06 // How We Know This Is an Attack
| Indicator | What the Attacker Does | What a Real Employee Does | Verdict |
|---|---|---|---|
| User-Agent | Firefox/135.0 | Microsoft Office/16.0 | Attack |
| Login Result | 401 × 104,875 consecutive failures | 401 once, then 200 (success) | Attack |
| IP Origin | Netherlands anonymous VPS | CCBOE network or employee's home ISP (Georgia) | Attack |
| IP Count | 42 different IPs rotating | 1–2 IPs (home + work) | Attack |
| Time of Day | 24/7, including 2–4 AM | Business hours + occasional evening | Attack |
| Request Interval | Perfectly metered every 60–90 seconds | Variable, based on when user checks email | Attack |
| Auth Type | Basic Auth (sends password in plain Base64) | Kerberos / Modern Auth (secure token) | Attack |
| Connection Type | Connection: close (disconnect after each try) | Persistent connection (stays open for hours) | Attack |
| Duration | 30+ days, continuous, still active | Normal business usage pattern | Attack |
07 // IPs to Block Immediately
🔴 Primary Attacker — Block Entire Subnet: 80.66.66.0/24
Block the full /24 range, not just individual IPs. The attacker controls the entire block and will shift to unused addresses if only specific IPs are blocked.
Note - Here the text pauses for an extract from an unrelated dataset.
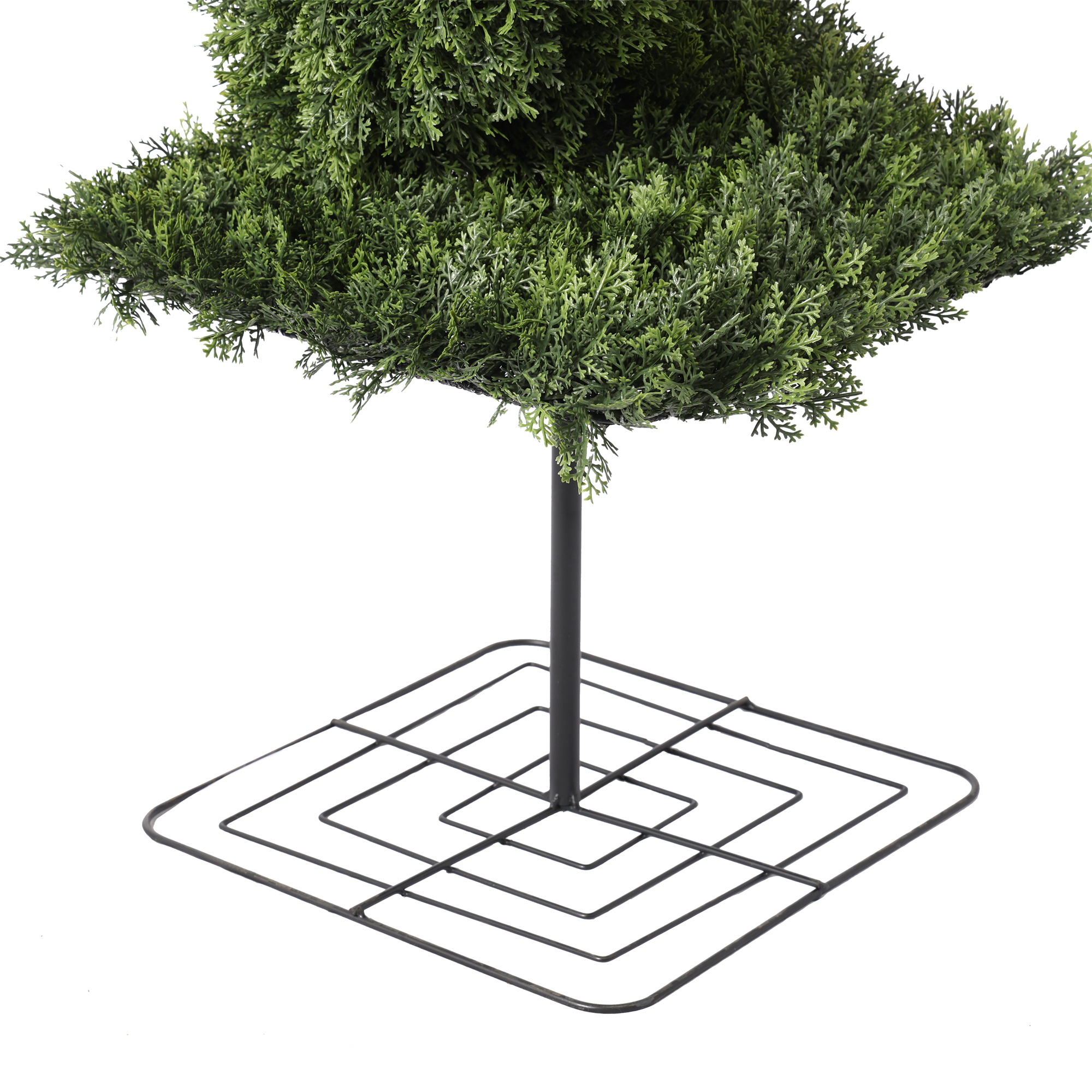De elegante spiraalvorm geeft een luxe uitstraling en past moeiteloos in zowel moderne als klassieke buitenruimtes. Dankzij de natuurgetrouwe naalden en volle structuur is deze kunstconifeer nauwelijks van echt te onderscheiden. Zelfs van dichtbij oogt hij fris, strak en verzorgd.

🟠 Secondary — Block Subnet: 100.27.42.0/24 (SNMP Injection Scanners)
08 // Recommended Actions
-
01 →
Block 80.66.66.0/24 at the perimeter firewall immediately This stops the current attacker infrastructure from reaching the server. Do this today. It does not fix the underlying vulnerability but stops the bleeding.
-
02 →
Disable Basic Authentication on Exchange EWS and OWA Basic Auth is what MailSniper relies on. Disabling it closes the door the attacker is knocking on. Modern Outlook clients do not need Basic Auth — they use secure modern authentication instead.
-
03 →
Enable Multi-Factor Authentication (MFA) for all staff email accounts MFA means that even if the attacker guesses a correct password, they still cannot log in without the second factor (like a phone notification). This is the single most effective defense against password spray attacks.
-
04 →
Manually inspect W3SVC2 IIS logs on the Exchange server The IIS logs for the RPC endpoint (199MB, too large to process here) must be searched for any HTTP 200 responses from 80.66.66.x IPs. This would confirm whether any login attempt actually succeeded.
-
05 →
Verify with IT leadership that no penetration test is authorized Before treating this as a confirmed hostile attack for escalation/reporting purposes, confirm in writing that no security testing firm has been contracted to test Exchange. If no signed authorization exists, this is a real attack.
-
06 →
Notify your cyber insurance carrier and consider engaging an IR firm 30 days of sustained targeting by a persistent threat actor against a school district's email server warrants professional incident response support. Many cyber insurance policies cover IR firm costs.